As for European Union membership — once considered by many the beacon for modern Turkey — well, it’s hard to focus on that when you’ve got hologram logistics to sort out; with each wave of the Quran that plan slides further out of reach, to the dismay of many. And with corruption scandals driving down voter confidence, this time around the grandmaster will need to use all the symbols he’s got.

Erdogan’s rise to dominance over Turkish politics exemplifies the tortured, conflicted nature of Turkish politics. Once a semi-pro soccer player in Istanbul, Erdoğan launched his political career back in 1994, when he was elected mayor of Istanbul. He rode into politics on the Islamist Welfare Party, a more conservative party. Married with four children, and, notably, two daughters, Erdoğan rose to power during a difficult period for Islamist politics.

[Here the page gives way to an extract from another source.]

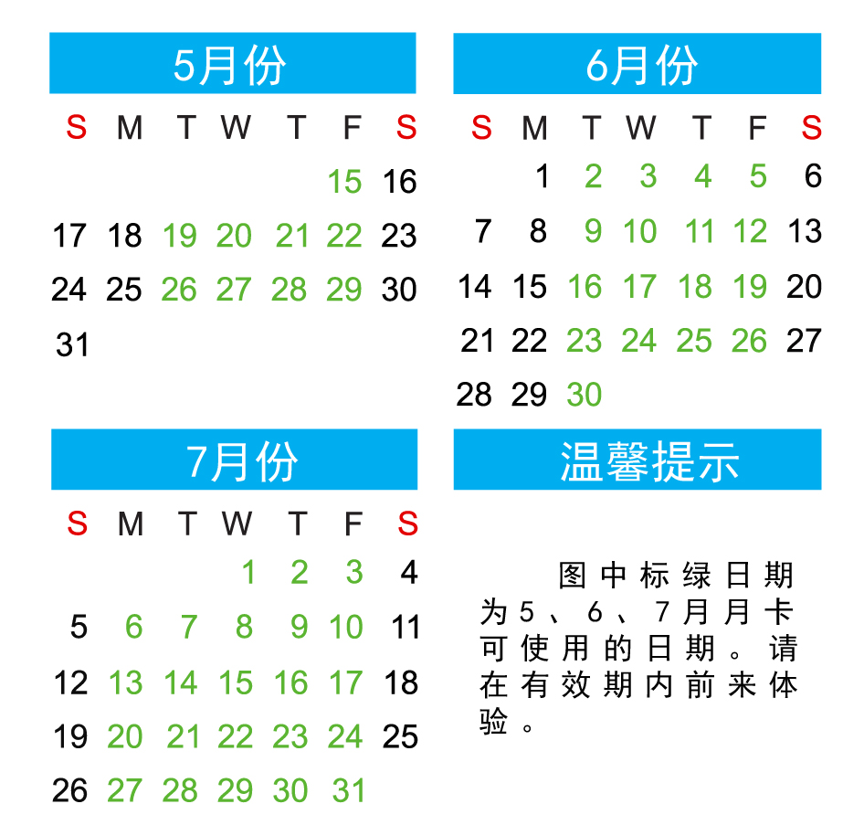 月卡可使用日期请参照下图标绿日期。

For decades, Turkish politicians have tried to navigate the treacherous waters between Islamism and secular politics, seeking to balance the near 99 percent Muslim country with an adamantly non-religious democracy, as the lionized Atatürk intended. In the late ’90s that pendulum had swung far towards secularism, and Erdoğan witnessed his two daughters be denied schooling because they insisted on wearing headscarves to school. Indeed, in 1997, the military voiced disapproval of increasingly religious policies in politics, and in what scholars have called a post-modern coup, the government soon dissolved.

Nevertheless, a year later, in a boldly symbolic act, Mayor Erdoğan recited a controversial Islamic poem in public. Consequently, he was thrown into prison for nearly a year and banned from office. “Turkey had been cruel to him — that’s a fact,” notes 32-year old Istanbul businessman Erk Alav. After prison, Erdoğan rejiggered his political balance and founded the ostensibly more moderate AK party in 2001. Within a year it was the majority party in Parliament, and a year after that, Erdoğan was allowed to reenter the political arena. By 2003, he was prime minister.

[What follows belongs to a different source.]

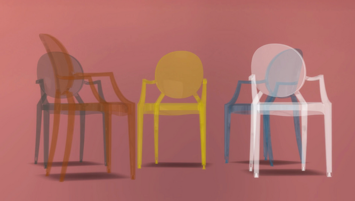 A comfortable armchair in transparent and coloured polycarbonate in the Louis XV style, it is the quintessence of baroque revisited to dazzle, excite and captivate. Louis Ghost is the most daring example in the world of injected polycarbonate in a single mould. Despite its evanescent and crystalline appearance, Louis Ghost is stable and durable, shock and weather resistant and can also be stacked six high. This article has great charm and considerable visual appeal and brings a touch of elegance and irony to any style of home or public area.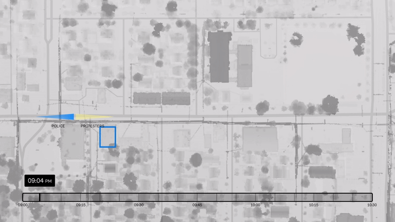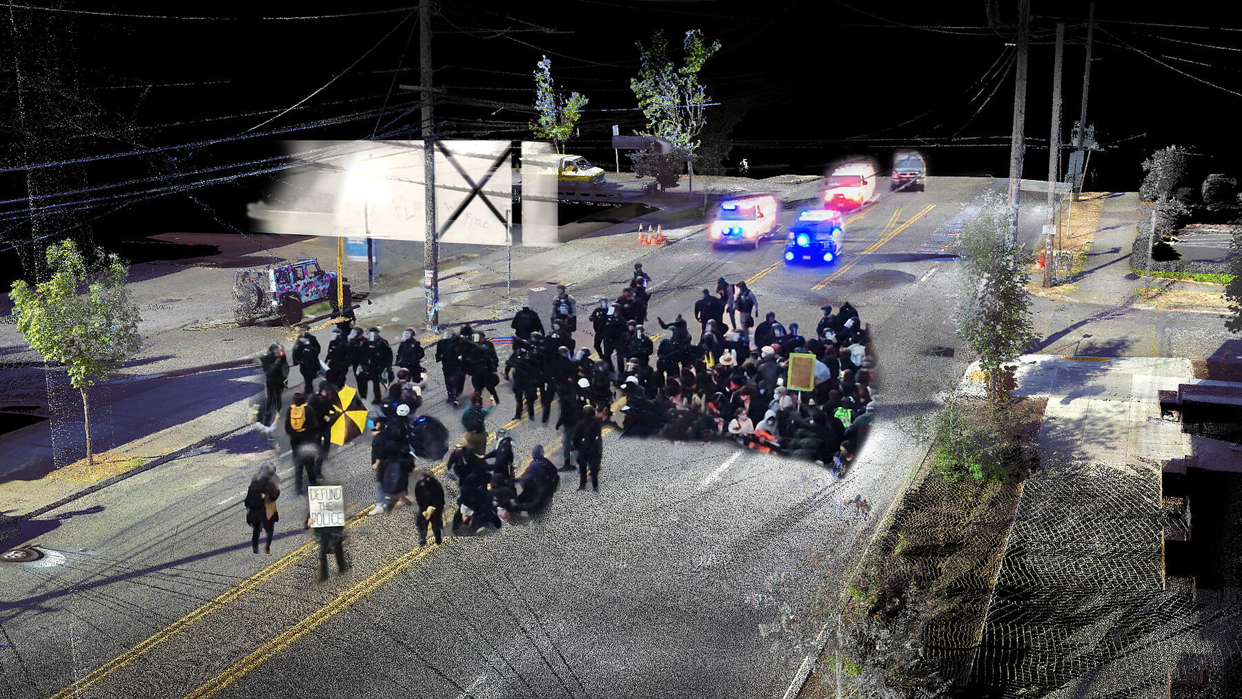 By reviewing footage of the protest and aligning visible landmarks in the videos with equivalent features in the model, we precisely located camera positions as well as individual protesters and police officers. By cross-referencing audio signatures between video assets, we reconstructed a global timeline of the night’s events. This process allowed us to study the incidents of police violence in a spatially and temporally accurate digital reconstruction.

His brutal perseverance and tenacity in gaining the crown is softened by a charisma in public speaking, and he often appears with his wife, Emine, by his side. Like most things Erdoğan, this too is a symbolic move. Today, two-thirds of Turkish women cover their heads — a number that’s been on the rise since Erdoğan came to power. Yet, when he became prime minister, women weren’t permitted to wear headscarves in universities or official buildings — rules that he argued created gender inequality. He’s focused much of his leadership on peeling back those secularist social limitations, and the headscarf is but one example of how the symbolism of the regime cannot be undervalued, and how Erdoğan, above all, knows this. Mrs. Erdoğan’s covered appearance was once shocking to the nation; now, 10 years and a swing of the pendulum later, Erdoğan is out campaigning with a Quran above his head.

But many Turks have seen it coming. The eruption in 2013 of protests in Istanbul’s Taksim Square highlighted Turks’ growing resistance to Erdoğan’s increasingly authoritarian regime; the over-the-top crackdown on the protesters only underlined their point. Months later, a $100 billion corruption scandal would wash over the government, with Erdoğan himself caught on tape that would, in a modern Shakespearian twist, run on loop across social media. His response? A clampdown on the Turkish judiciary and media ­— including blocking social media — which had the effect of both frightening and galvanizing the local press, not to mention the voters watching it all play out.

But like many Turks, Alav is confident that even if the AK fails to win a supermajority this election, Turkey’s Erdoğan chapter is not finished. With every speech that Erdogan raises a Quran, he layers his words with symbols meant to signal to Turks that he’s the brave, modern Muslim leader the country needs. And as Alav says, “It’s too easy to win elections when you talk like he does.”